Ей удавалось жить без музыки, пока она была одна. Теперь, рядом с Пианистом, ей казалось, что она лишает его чего-то очень важного, в чем заключена вся его жизнь. И была уверена, что должна выпустить его из клетки собственных кошмаров. Ему и своих довольно. Но лишь привязывалась к нему все сильнее с каждой минутой, прожитой рядом. Понимая, что без него жизнь ее потеряет последний смысл. И оставалась с ним. И ненавидела себя за свой эгоизм.
Этим утром Лиса бродила по городу дольше обычного, подходила к реке, уходила в парк. Не замечая разразившегося ливня, она радовалась пустынным улицам. И никак не могла решиться вернуться, испытывая стыд, разрывающий изнутри каждую клетку кожи.
Как она посмотрит ему в глаза?
Ноги сами принесли ее домой. В прихожей Лиса сбросила на пол промокший насквозь плащ, скинула туфли и прошлепала в гостиную, оставляя за собой дорожку из капель стекающей с кончиков волос воды. И в наступившей тишине, не глядя на Пианиста, села с ним рядом.
- Что за бестолочь! – раздраженно сказал он, едва взглянув на нее. – Хоть бы зашла куда-нибудь переждать дождь! Неужели все закрыто?

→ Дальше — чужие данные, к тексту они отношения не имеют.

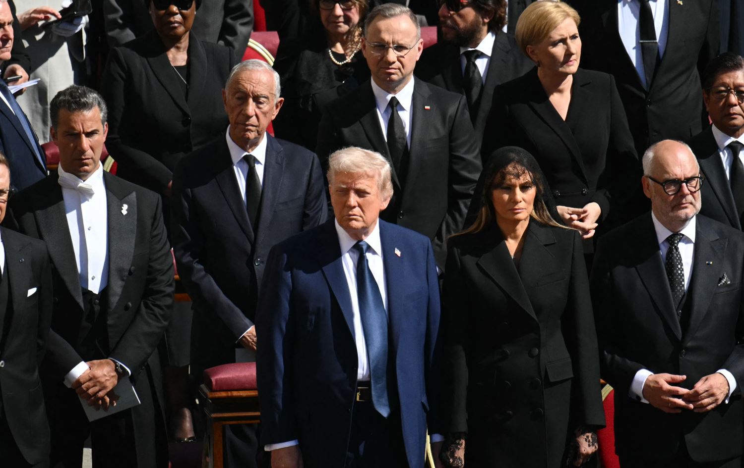 ترەمپ لەگەڵ سەرکردەکانی جیهان لە حەوشەی کەنیسەی سان پیتەر لە بەردەم تابووتی پاپا وەستان. هەموو سەرکردەکان قات و بۆینباخی رەشیان لەبەردابوو، جگە لە ترەمپ کە شینێکی کراوەی لەبەربوو.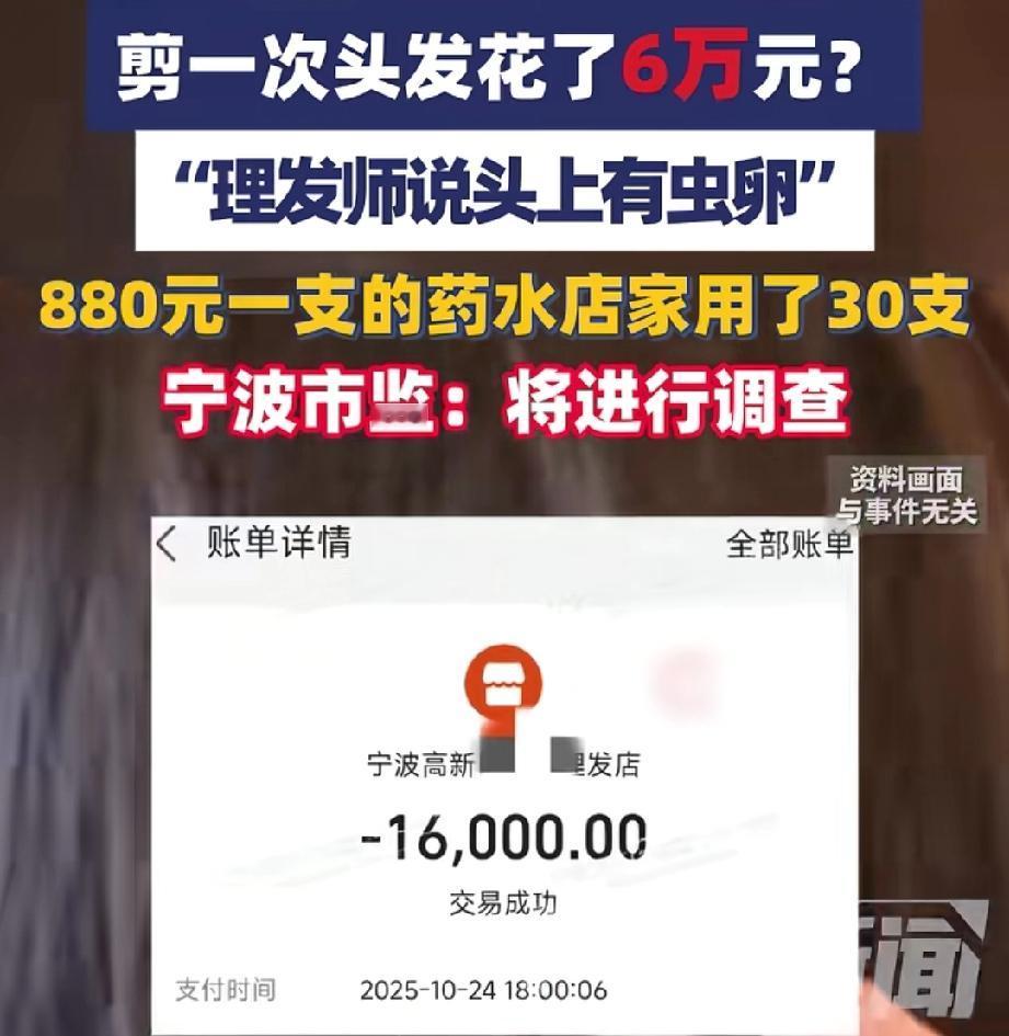 真是离了大谱,剪一次头发花了6万元,更离谱的是这位居然还把钱全额付款了!到底咋想的? 近期有网友反映,去理发店剪头发一次花了6万元,质疑理发店诱导消费。该网友表示 在理发期间,理发师称其头上有红疹,有虫卵,可以用药水清理,一支880元,店方使用了30支,药水费一共2.6万元,店方让其办理了6万元的套餐药水费和后续治疗费都可以从中扣除。 如果理发师都能治疗红疹,那么要医院干嘛?什么药水能药到病除?什么药到病除的药水需要880元一支?治疗什么病需要一次性打30支药水? 这么多的疑问,当时没有反应过来, 没有报警,没有求助,而是把钱全额交了,也真是服了。 在市场营销中,商家常常会采用各种策略来吸引消费者购买商品或服务。我们每天都会被各种消费信息包围,稍不留神就掉进各种消费陷阱里面,对商家的各种营销手段,消费者应保持清醒的头脑,理性判断商品或服务的真实价值,如果遇到可疑的引诱消费行为,可以向相关部门举报或寻求法律援助。 在付款之前一定要想一想你所购买的商品或所得到的服务值不值得你所付你所付出的价钱。最关键的是在消费之前一定要问清楚价格清单,最好是能去那种明码标价的店的消费。我们要懂得保护自己的合法权益,只有当我们都有一定的警惕性,判断性和解决问题的能力,那么他们这些消费陷阱便无处遁形了。 理发 理发天价收费 理发店天价收费

- От дождя не будет никакого вреда, - негромко отозвалась Лиса.
- Разумеется, бронхит совершенно безобидная болезнь, моя дорогая. Тебе нужна горячая ванна. Пойдем, я наберу.
- Не надо. Ты репетировал. Я сама, - сказала она, продолжая сидеть рядом.
Пианист повернулся к ней, оценивающе посмотрел на каплю воды, висевшую на крошечной прядке у виска – ее вечно непослушный завиток удрученно поник. Потом быстро промокнул указательным и большим пальцем. И улыбнулся, отчего его лицо растеряло резкие линии, сделавшись мальчишески мягким.
- Я могу отрепетировать и после. Пойдем.
Он вскочил со стула и потянул ее за собой. Лиса послушно поплелась за ним в ванную, где белый холодный кафель в отвратительный розовый цветочек был единственным в квартире, кто знал тайну Лисы…
Прошел ровно месяц с их встречи в поезде Париж – Брест, когда она проснулась от накатывавшей волнами тошноты. За окном начинался рассвет. Пианист еще не вернулся – наверняка задержался у Бернабе. Этот болван часто заставлял их играть до того часа, когда в заведение начинали заглядывать посетители, желающие выпить первую чашку кофе.
После того, как подобное повторилось в третий раз, Лиса отправилась к врачу. Чтобы услышать то, к чему была совсем не готова.